Lessons from the Fifties: Part One, McCarthyism

Treatment of President Obama by the far right has been aptly called "the new McCarthyism". In light of this despicable current syndrome taking place, I thought it would be useful to examine what the original McCarthyism was like and how it developed. The account is taken from David Halberstam's "The Fifties".

Halberstam says the phenomenon had already existed, but McCarthy's involvement began with a speech in Wheeling, West Virginia on 2/9/50. He made an offhand comment during his speech that there were Communists in the State Department and that they controlled foreign policy. He claimed he "had in his hand" a list of 205 Communists in the State Department, but didn't have time to name them. A local Wheeling reporter mentioned this in his story on the speech, and it was picked up by the AP and the circus began.

McCarthy next flew to Denver where he said at an airport press conference that the list was in his other suit. Then he was on to Reno, where two reporters undertook to pin him down on this list accusation. McCarthy had never met them, but he put his arms around them like they were old buddies. McCarthy would not be pinned down, but said to come to his speech that night and names would be given. At the speech that night he did name four names, but it was unclear what he was accusing them of. His words were deliberately vague, which led one reporter to exclaim that "Talking to Joe was like putting your hands in a bowl of mush".

Since it was unclear what the number was being claimed (seemingly it had gone from 205 to 4), the reporters collared McCarthy after the speech and went out drinking with him. One said later that he had never seen anybody drink so much so quickly. The reporters repeatedly tried to pin McCarthy down on just what he was claiming, but he dug into his pockets and could find no list, and at one point he accused the reporters of stealing his list!

And so it continued. McCarthy's basic charge was that the Democrats were "soft on Communism". Halberstam says that "the real scandal in all this was the behavior of the members of the Washington press corps, who, more often than not, knew better". But they enjoyed the way McCarthy cozied up to them, and they consistently refused to press him for substantiation of his vague charges.
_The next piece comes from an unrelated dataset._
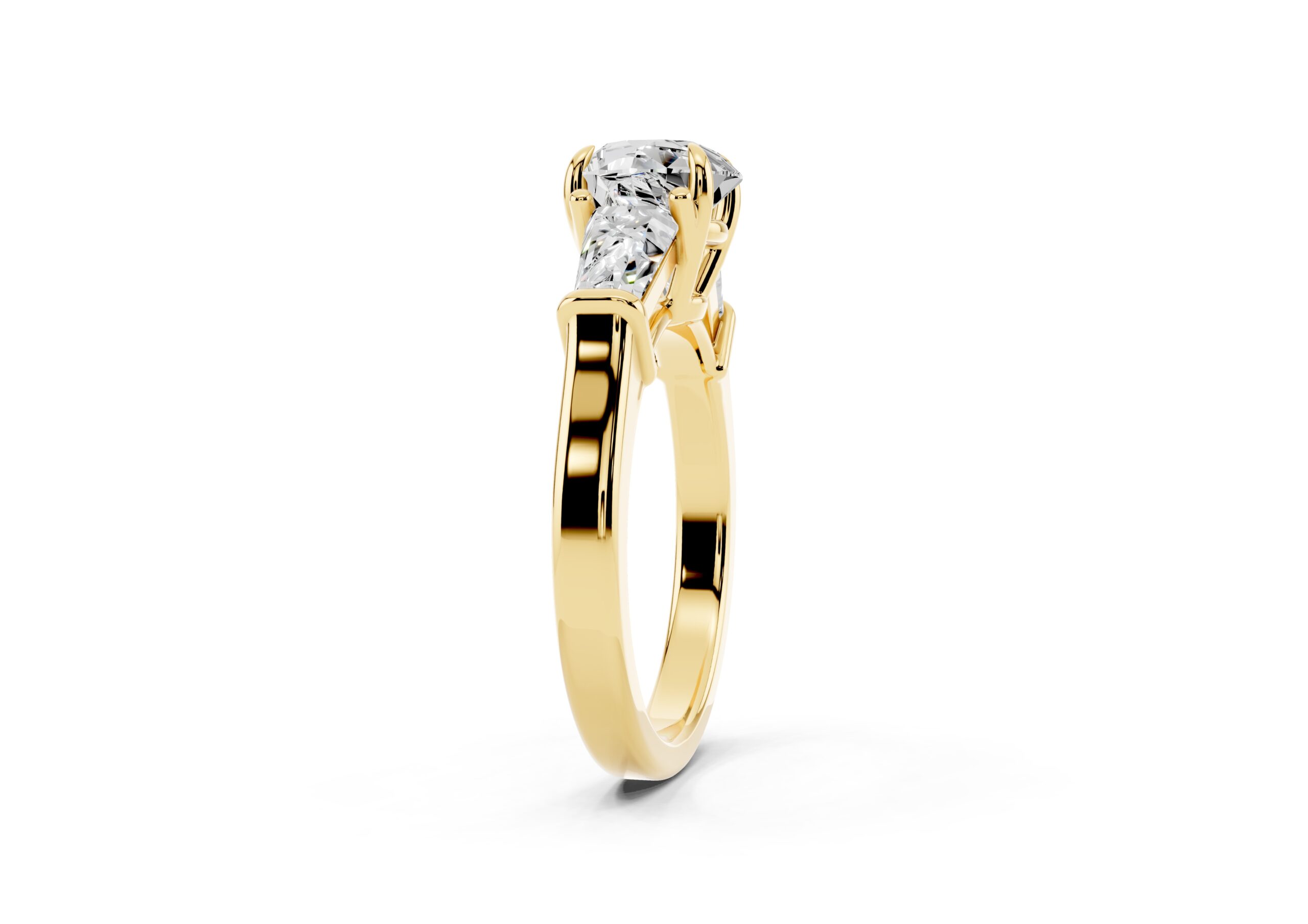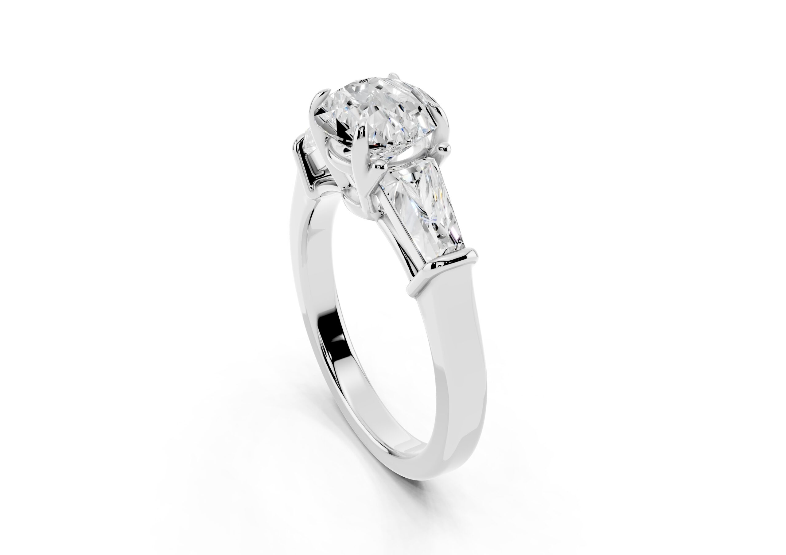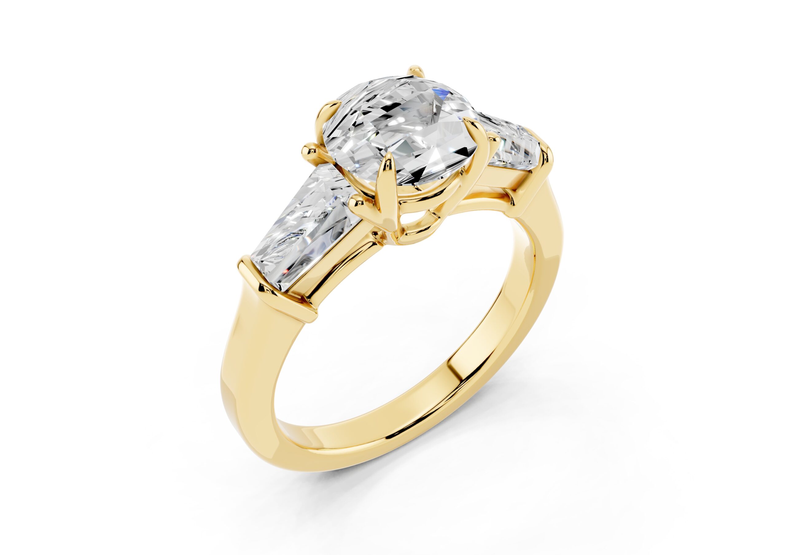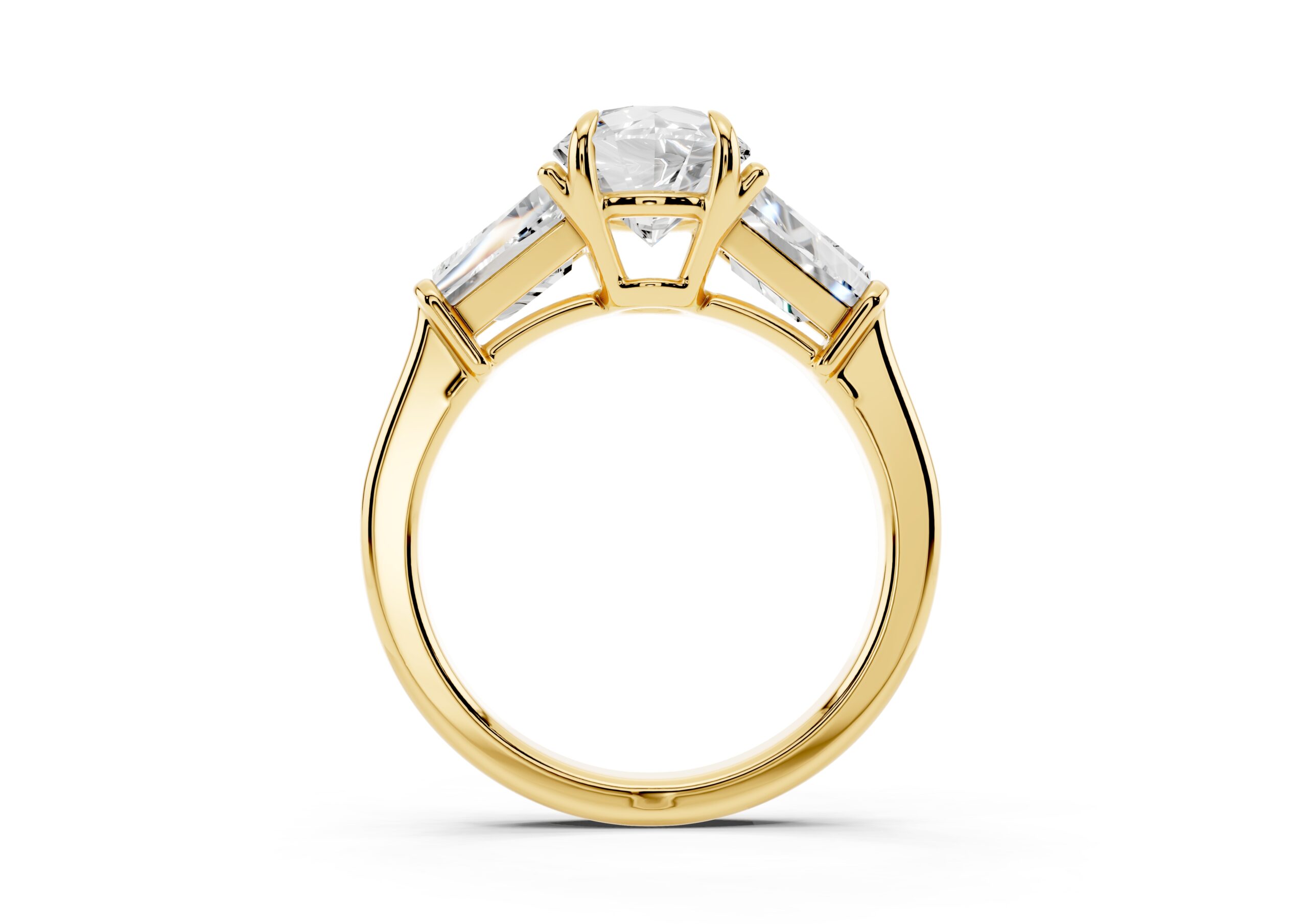 Bold in presence yet timeless in proportion, this three-stone ring features a striking round center stone flanked by tapered baguettes, creating a silhouette that’s both refined and commanding. The design balances brilliance and structure, offering a harmonious blend of softness and edge. Perfect for those who value clean lines, classic form, and unmistakable radiance.

Many right-wing demagogues in Congress played the same game. Richard Nixon beat a respected incumbent, Helen Gahagan Douglas, in a campaign which Halberstam says was "virtually a case study in red-baiting". The most interesting example is Robert Taft, "the most elegant and principled Republican in the Senate", who Halberstam says was like two people: one was "the thoughtful conservative who was uneasy with the coming of America the superpower and its growing obsession with anti-Communism", while the other Taft "could exploit the fall of China and attack the administration for being soft on Communism". Halberstam says that Taft's throwing in with McCarthy was "a low moment in an otherwise highly principled career".

Similarities to today are readily apparent. The "birthers" disdain the documentary evidence of Obama's birth, in favor of vague charges which they cannot substantiate. Even when shown a birth certificate and a newspaper announcement of his birth, they refuse to back off of their baseless accusations.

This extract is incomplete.